About this task:
Leave every image out, and return the rest of the data word for word.

━━━ Given data

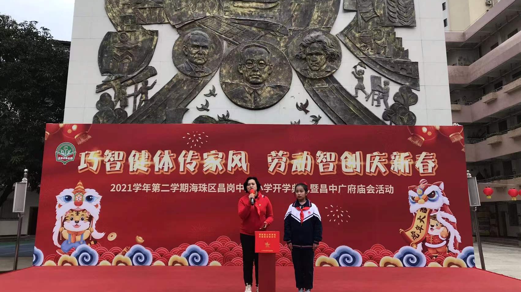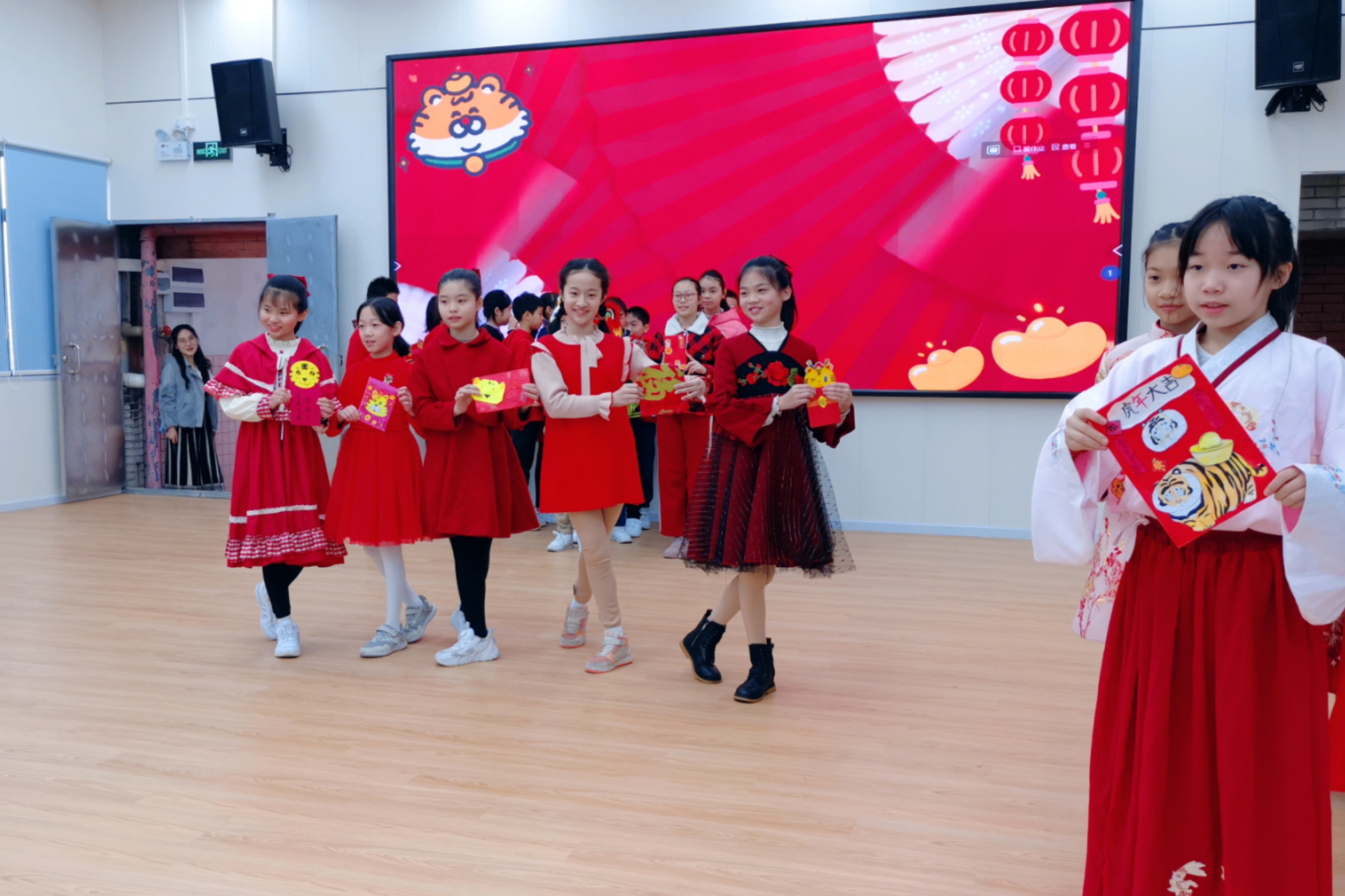 培正小学则举办了“班级文化谱新篇,弘扬传统展风采”开学典礼。开学典礼上,同学们展示在寒假期间开展的春节传统习俗活动成果及运动项目。此外,同学们还惊喜地收到了一份来自学校的新春红包,同学们相互拜年,互道新年新愿景,互相分享拿到的专属新春利是。
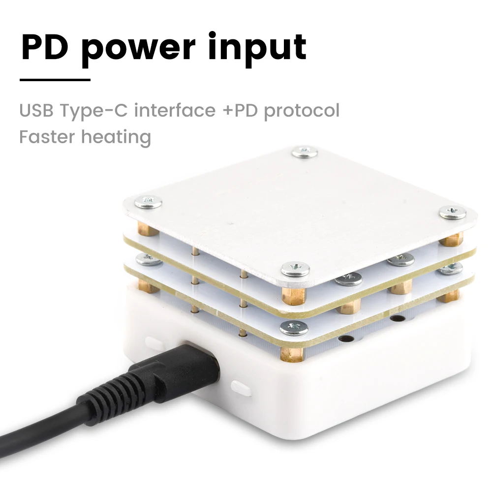 Professionelle Vorheizstation für alle Elektronik-Bastler und Reparatur-Profis! Heizfläche: 55x55mm, Temperaturbereich 50°C-280°C (122°F-536°F). Mit klarem OLED-Display (128x32) das alle Daten anzeigt. Unterstützt PD, QC und DC Stromversorgung bis 25V. Besonderheiten: Zeitgesteuerte Heizung, automatische Abschaltung, Temperaturkompensation und Sprachauswahl (Deutsch, Englisch, Russisch). Perfekt für SMD-Lötarbeiten, LED-Lampenreparatur und PCB-Arbeiten. Der hitzebeständige Keramiksensor sorgt für präzise Temperaturmessung. Mit Summer für Betriebszustands-Hinweise. Macht jede Elektronik-Reparatur einfacher und professioneller! Einfach einstellen und loslegen.
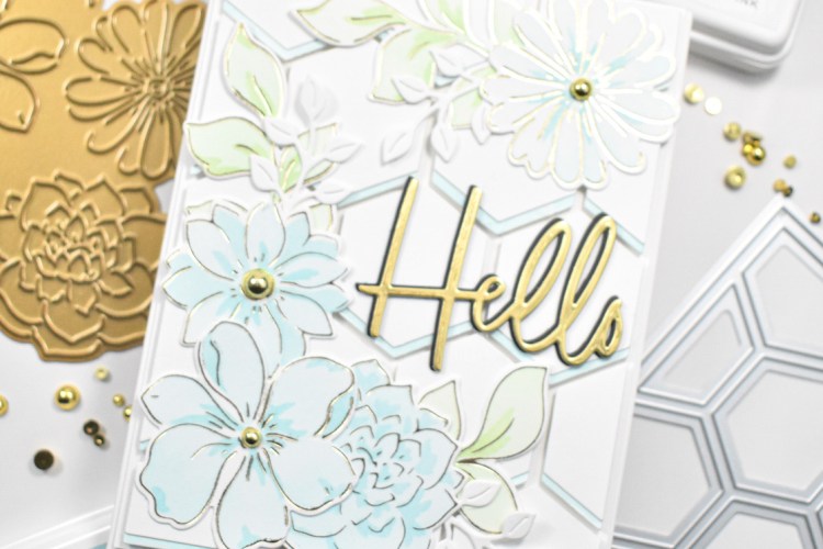 I used the PFS Sparkling Diamond to cut a panel of Neenah 110lb cardstock, and did some light ink blending using PFS Ballet Slipper ink. I also used the SSS Stitched Squares to cut some frames for interest. The squares were adhered to the ink blended panel using SSS 3D Foam Strips, and I then played around with the placement of the flowers to decide on the look of the card.
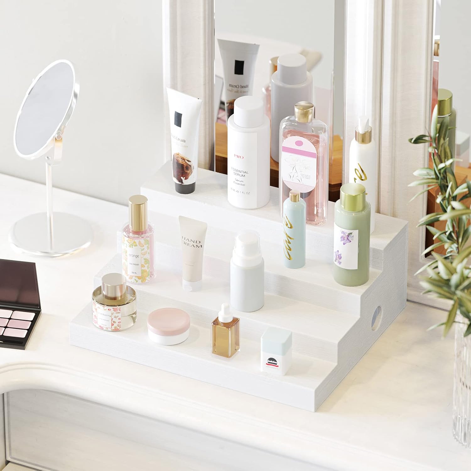 - STURDY CONSTRUCTION - Made of durable solid bamboo instead of plastic; Sturdy enough to hold different sizes spice jars, essential oils liquor bottles, cosmetics like lipstick and even canned goods

━━━━━━

Answer box:
 培正小学则举办了“班级文化谱新篇,弘扬传统展风采”开学典礼。开学典礼上,同学们展示在寒假期间开展的春节传统习俗活动成果及运动项目。此外,同学们还惊喜地收到了一份来自学校的新春红包,同学们相互拜年,互道新年新愿景,互相分享拿到的专属新春利是。
 Professionelle Vorheizstation für alle Elektronik-Bastler und Reparatur-Profis! Heizfläche: 55x55mm, Temperaturbereich 50°C-280°C (122°F-536°F). Mit klarem OLED-Display (128x32) das alle Daten anzeigt. Unterstützt PD, QC und DC Stromversorgung bis 25V. Besonderheiten: Zeitgesteuerte Heizung, automatische Abschaltung, Temperaturkompensation und Sprachauswahl (Deutsch, Englisch, Russisch). Perfekt für SMD-Lötarbeiten, LED-Lampenreparatur und PCB-Arbeiten. Der hitzebeständige Keramiksensor sorgt für präzise Temperaturmessung. Mit Summer für Betriebszustands-Hinweise. Macht jede Elektronik-Reparatur einfacher und professioneller! Einfach einstellen und loslegen.
 I used the PFS Sparkling Diamond to cut a panel of Neenah 110lb cardstock, and did some light ink blending using PFS Ballet Slipper ink. I also used the SSS Stitched Squares to cut some frames for interest. The squares were adhered to the ink blended panel using SSS 3D Foam Strips, and I then played around with the placement of the flowers to decide on the look of the card.
 - STURDY CONSTRUCTION - Made of durable solid bamboo instead of plastic; Sturdy enough to hold different sizes spice jars, essential oils liquor bottles, cosmetics like lipstick and even canned goods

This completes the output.